**RECORDED INFORMATION:**
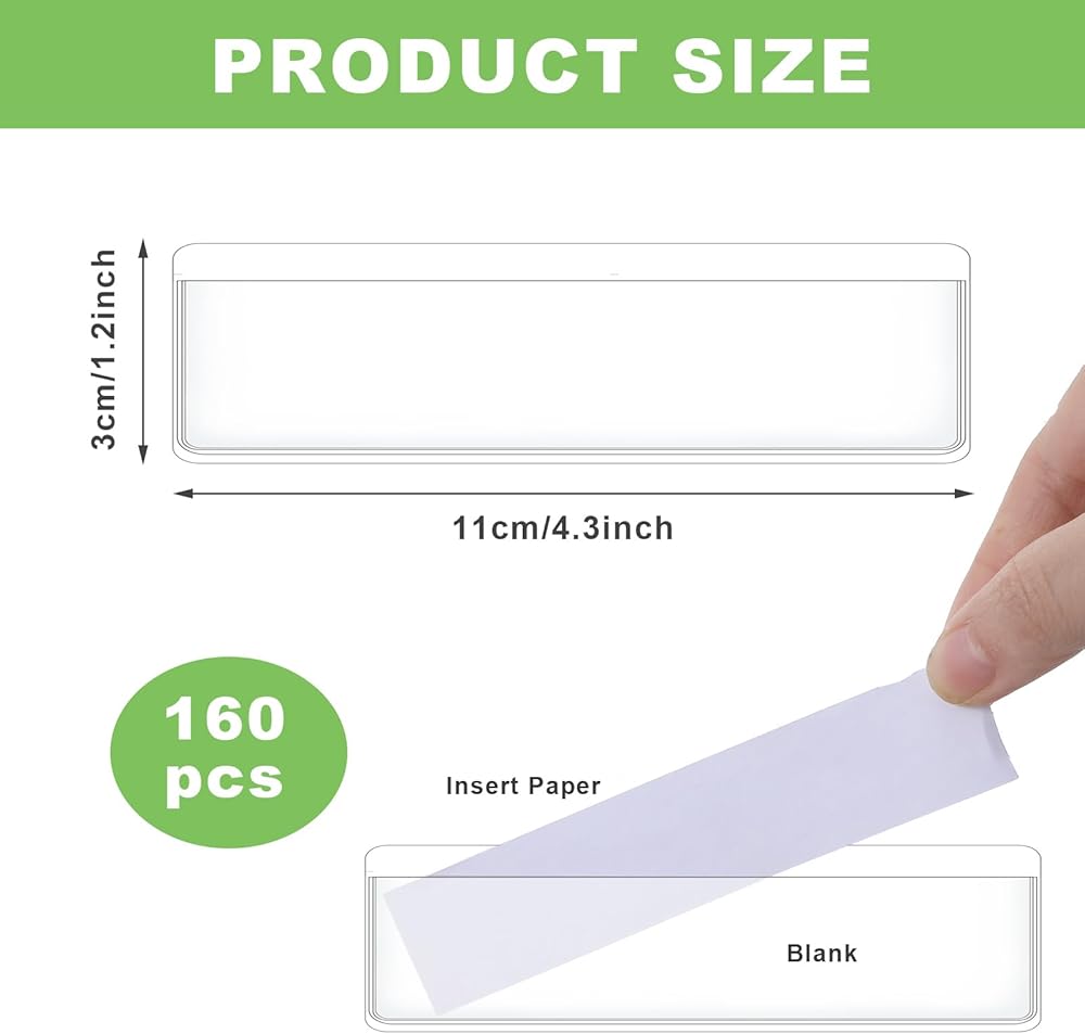 【What You Will Receive】- You will get 160 pcs label holders adhesive; label holder self adhesive measures approximately 1.2 x 4.3 inches; sufficient quantity and suitable size to meet your daily use and replacement needs.
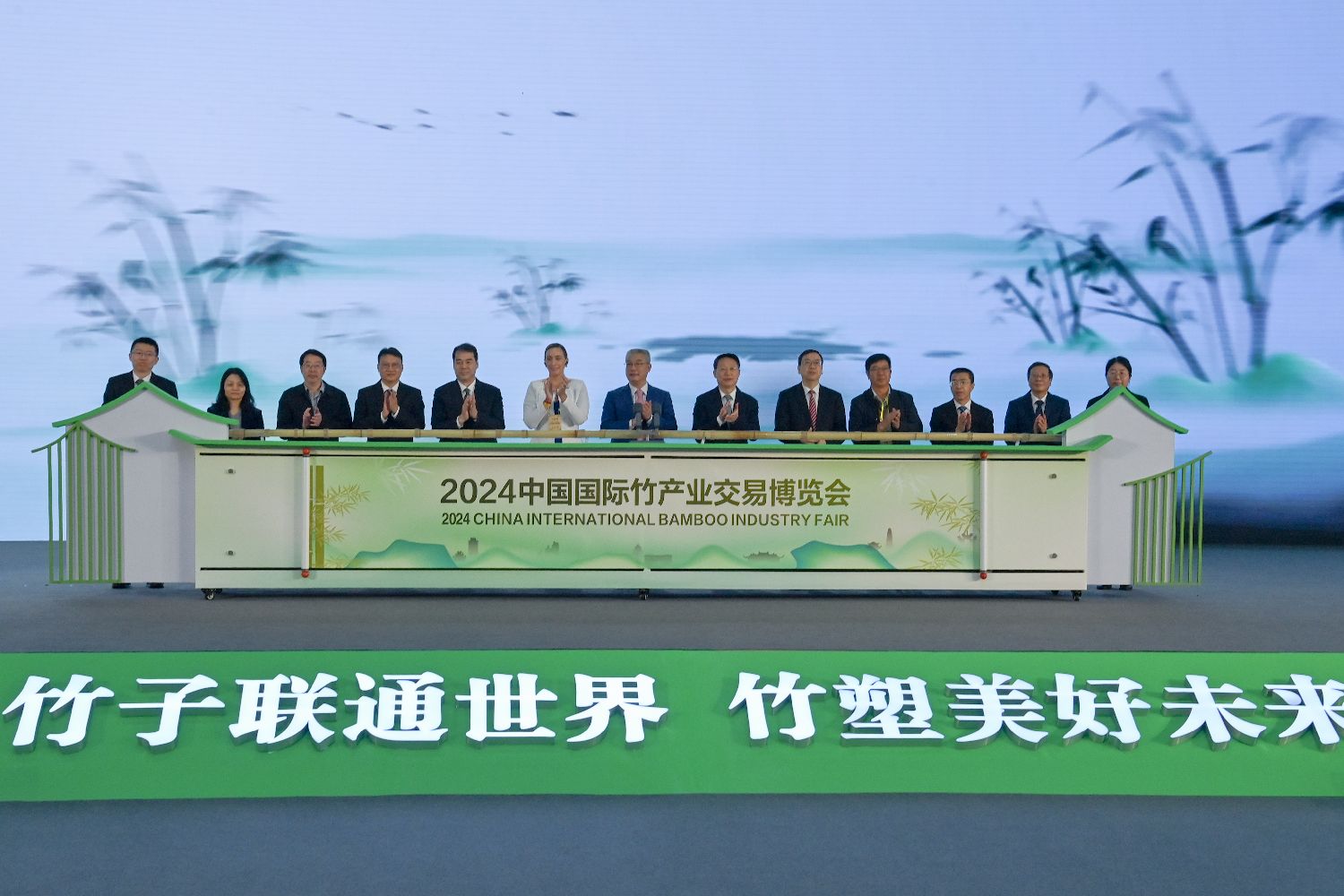 11月11日,以“竹子联通世界 竹塑美好未来”为主题的2024中国国际竹产业交易博览会在四川省眉山市青神县开幕,吸引了专家学者、协会商会、专业采购商等900余人参加,共谋竹产业发展。图为现场嘉宾共同启动竹博会。中新社
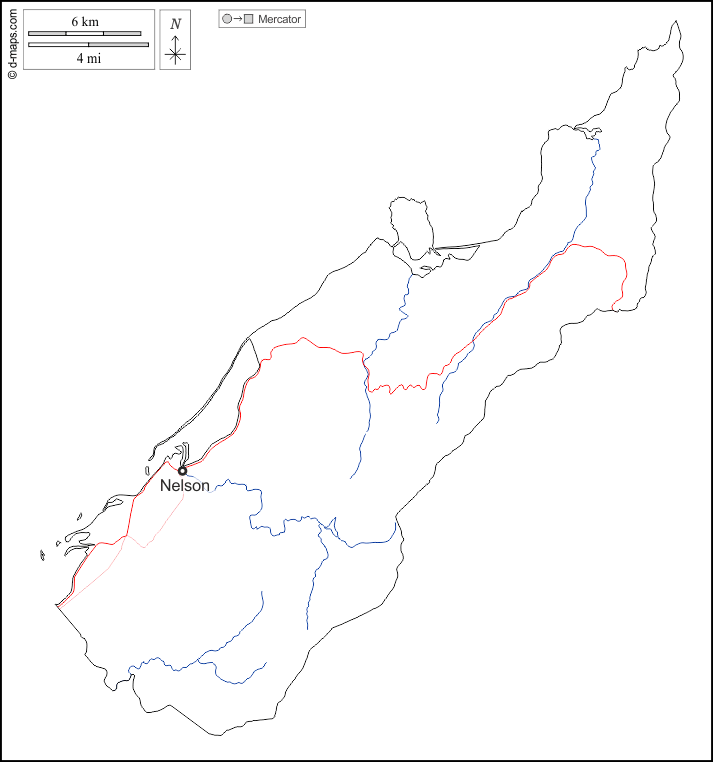 d-maps > Oceania > Nelson > outline, hydrography, main cities, roads, names, white

**WHAT NEEDS TO BE DONE:**
Repeat the material above exactly. Leave every picture out of it.

**RESPONSE TO THIS EXERCISE:**
 【What You Will Receive】- You will get 160 pcs label holders adhesive; label holder self adhesive measures approximately 1.2 x 4.3 inches; sufficient quantity and suitable size to meet your daily use and replacement needs.
 11月11日,以“竹子联通世界 竹塑美好未来”为主题的2024中国国际竹产业交易博览会在四川省眉山市青神县开幕,吸引了专家学者、协会商会、专业采购商等900余人参加,共谋竹产业发展。图为现场嘉宾共同启动竹博会。中新社
 d-maps > Oceania > Nelson > outline, hydrography, main cities, roads, names, white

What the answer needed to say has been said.